Python Integrations
Cognita
https://github.com/truefoundry/cognita
RagFlow
https://github.com/infiniflow/ragflow
Langchain (from running server)
Infinity has an official integration into pip install langchain>=0.342. 
You can find more documentation on that here:
https://python.langchain.com/docs/integrations/text_embedding/infinity
Langchain integration with running infinity API server
This code snippet assumes you have a server running at http://localhost:7997/v1
from langchain.embeddings.infinity import InfinityEmbeddings
from langchain.docstore.document import Document
documents = [Document(page_content="Hello world!", metadata={"source": "unknown"})]
emb_model = InfinityEmbeddings(model="BAAI/bge-small", infinity_api_url="http://localhost:7997/v1")
print(emb_model.embed_documents([doc.page_content for doc in documents]))
Langchain integration without running infinity API server and Python Inference.
from langchain.embeddings.infinity import InfinityEmbeddings
from langchain.docstore.document import Document
embeddings = InfinityEmbeddingsLocal(
    model="sentence-transformers/all-MiniLM-L6-v2",
    # revision
    revision=None,
    # best to keep at 32
    batch_size=32,
    # for AMD/Nvidia GPUs via torch
    device="cuda",
    # warm up model before execution
)
documents = [Document(page_content="Hello world!", metadata={"source": "unknown"})]

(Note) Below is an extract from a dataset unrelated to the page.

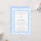 Convite paisley de Azul Suave com cruz decorativa e quadro. Personalizar para batismo, comunhão ou qualquer evento religioso especial.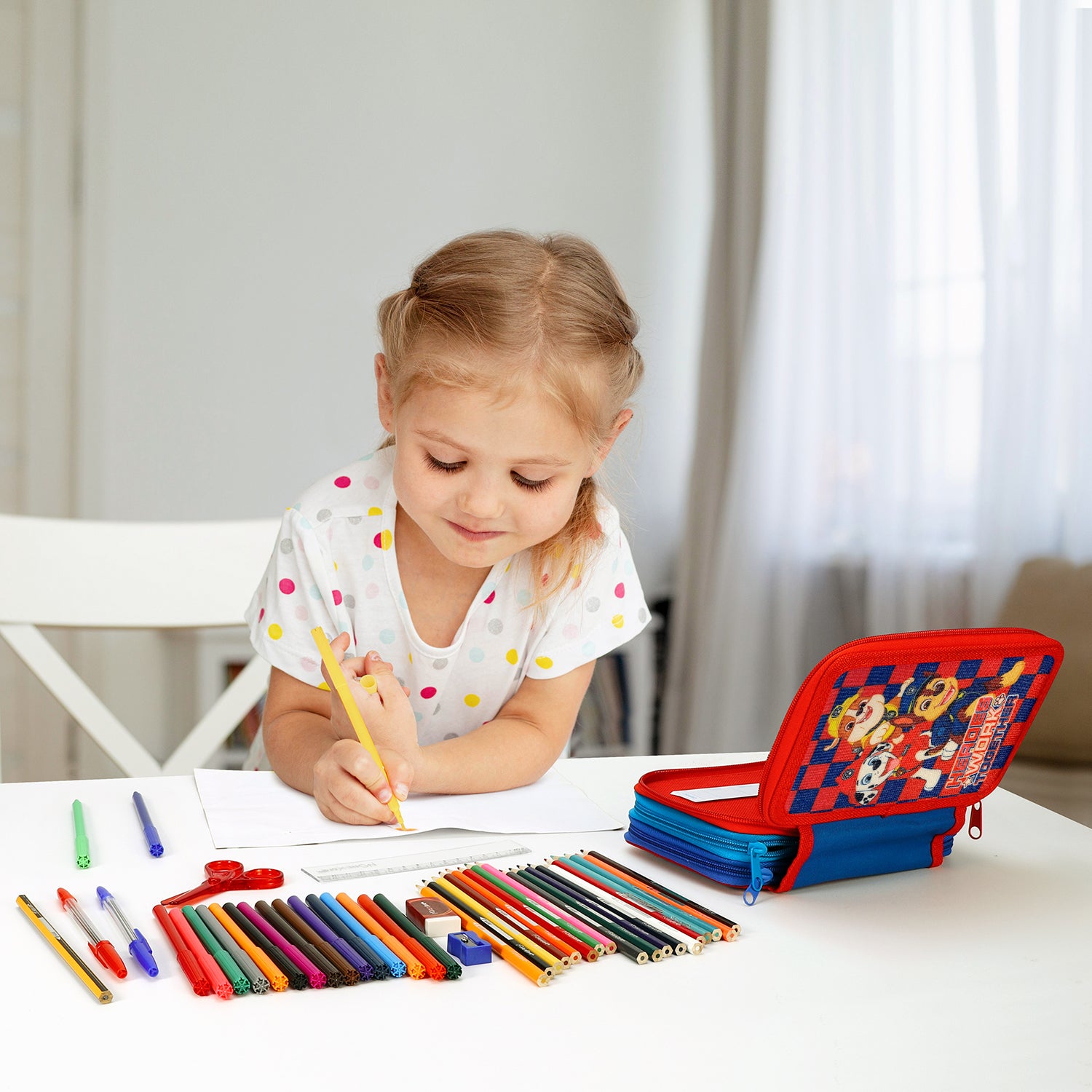 Paw Patrol 3 Tier Large Pencil Case Multi Compartment School Supplies Stationery Colouring Pens Pencils Sets

# important: use engine inside of `async with` statement to start/stop the batching engine.
async with embeddings:
    # avoid closing and starting the engine often.
    # rather keep it running.
    # you may call `await embeddings.__aenter__()` and `__aexit__()
    # if you are sure when to manually start/stop execution` in a more granular way
    documents_embedded = await embeddings.aembed_documents(documents)
    query_result = await embeddings.aembed_query(query)
    print("embeddings created successful")
print(documents_embedded, query_result)
LLama-Index
Details regarding LLama-Index integration will be announced soon - Contributions welcome.